Part 2 - Regression, Evaluation

flowchart LR
    A[Regression] --> B[Linear Regression]
    A --> C[Mutliple Linear Regression]
    A --> D[Polynomial Regression]
    A --> Z[Logistic Regression]

    E[Model Evaluation] --> F[RMSE, R^2]
    E --> G[Precision, Recall]
    E --> H[Train,Valid,Test ]

Key Takeaways 1

  • An input feature, \(X\), is used to predict …
  • an output feature has values that vary in response to variation in some other feature(s).
    • We often called this the response variable
  • If the output feature is continous, we call this a regression

Key Takeaways 2

  • Set of data: \(\{(x_1, y_1), (x_2, y_2), ..., (x_n, y_n)\}\)
    • x: input, y: output
  • Model: \(\hat{y} = \beta_0 + \beta_1 x + \epsilon\)
    • \(\hat{y}\) = prediction
    • \(\beta_0\) = y-intercept
    • \(\beta_1\) = slope
    • \(\epsilon = error\)
  • \(\beta_1 (slope) = \frac{\sum\limits_{i=1}^{n}[(x_i-\bar{x})(y_i- \bar{y})]}{\sum\limits_{i=1}^{n} (x_i - \bar{x})^2}\)
  • \(\beta_0\) (intercept) - \(\bar{y} - \beta_1 \bar{x}\)

Key Takeaways 3

  • Assumption of Linear Regression
    • \(x\) and \(y\) have a linear relationship.
    • The residuals of the observations are independent.
    • The mean of the residuals is 0 and the variance of the residuals is constant.
    • The residuals are approximately normally distributed.

Key Takeaways 3

  • \(R^2\) and RMSE for Regression model evaluation
  • Precison, Recall, F1 Score for Classification Evaluation

Key Takeaways 4

  • Underfit - model is too simple to fit the data well.
  • Overfit - model is too complex to fit the data well.

Key Takeaways 5

  • Training data is used to fit a model.
    • Use this dataset to do K-Fold Cross Validation
  • Test data is used to evaluate final model performance and compare different models.
  • The ratio for this split: 80/20 or 70/30

Part 3 - Supervised and Unsupervised Learning

flowchart LR
    A[Supervised Learning] --> B[Linear Regression]
    A --> C[KNN]
    A --> D[Naive Bayes]
    A --> Z[SVM]

    E[Unsupervised Learning] --> F[Clustering]
    F --> I[K-Means]
    F --> J[AHC]
    E --> G[PCA]

Key Takeaways 1

  • Regression - Given \(x_1, x_2, ..., x_n\), predict a continous output, \(y\)
  • Classification - Given \(x_1, x_2, ..., x_n\), predict a grouping/class, \(y\)
  • Regression
    • Linear Regression (Multiple, Polynomial, etc)
    • K Nearest Neighbro (KNN)
    • We use the library sklearn to build our models for us.

Key Takeaways 2

  • Logistic Regression works great for simple linear classifications
  • SVM are awesome and can do non-linear seperations.

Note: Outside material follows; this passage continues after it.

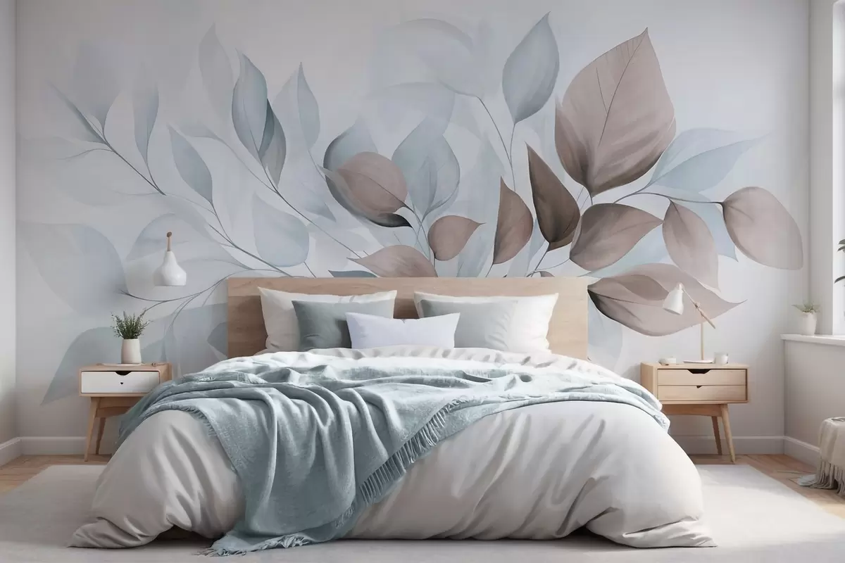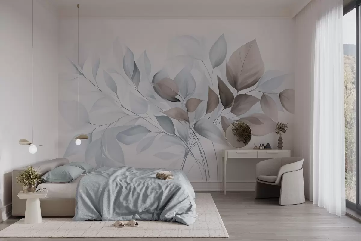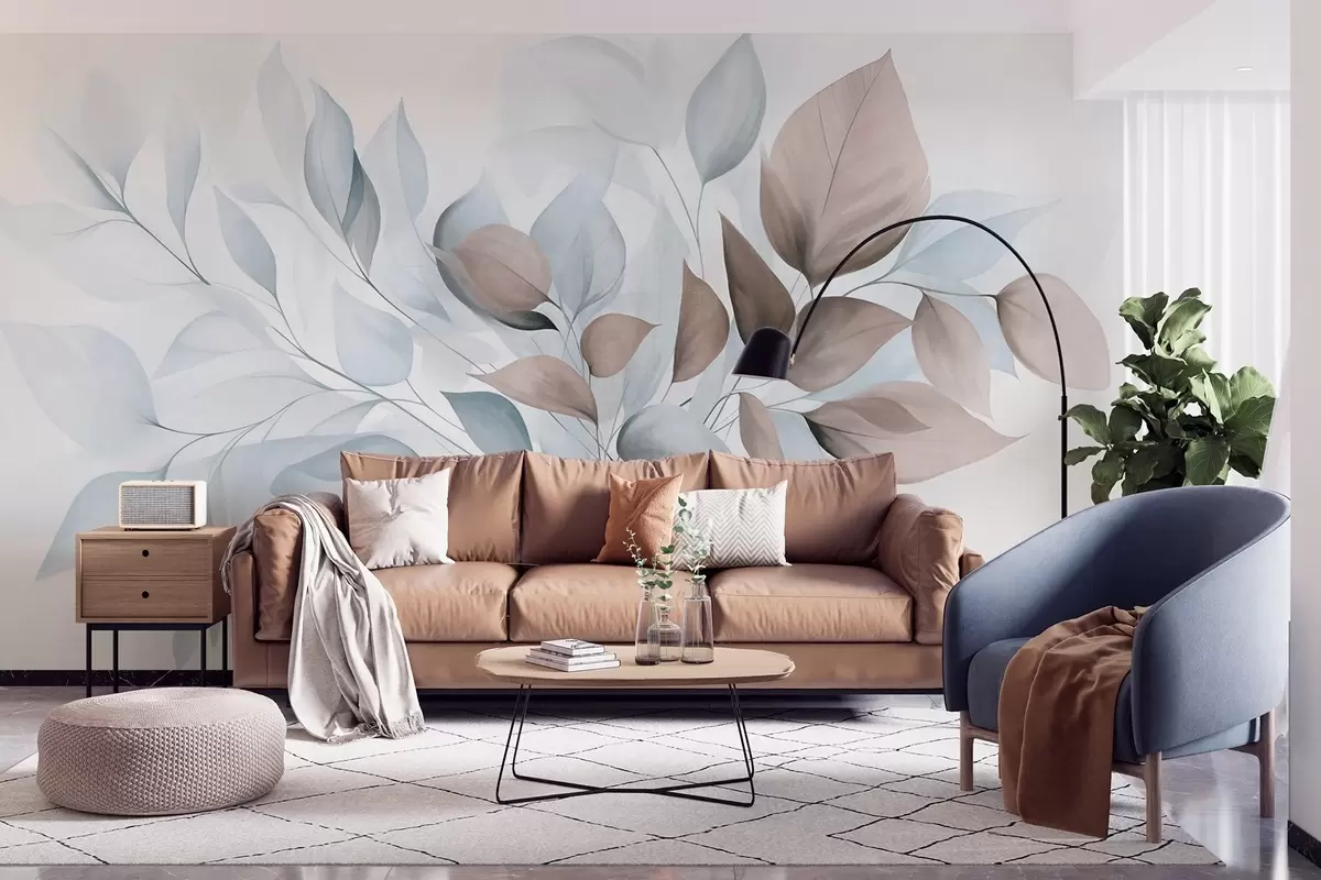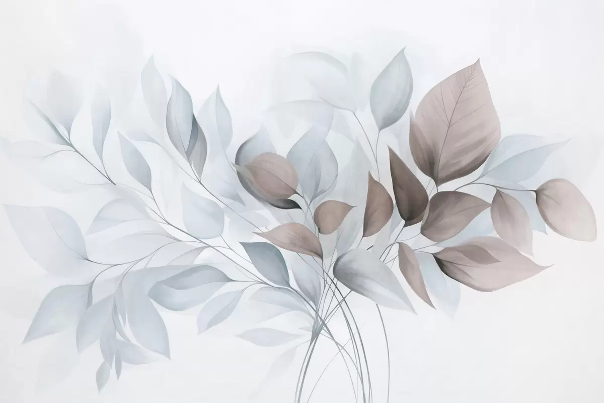 Fototapetes Abstraktas caurspīdīgas lapas zilas, smilškrāsas un brūnas toņos, faktūru māksla Nr. w09744v1

But you need to try different hyperparemters
    • Kernel - rpf, polynomial, linear
    • Try C - Try 0.0001 -> 10_000

Key Takeaways 3

  • K-Means clustering work for only easy clustering problems
  • If you clusters have compicated shapes or densities, stick with AHC or DBScan

Key Takeaways 4

  • Principal component analysis, or PCA, is a dimensionality reduction technique.
  • It can be used to compress data.

Final Words

Happy

  • I have really enjoyed teaching this course, I hope you enjoyed taking it!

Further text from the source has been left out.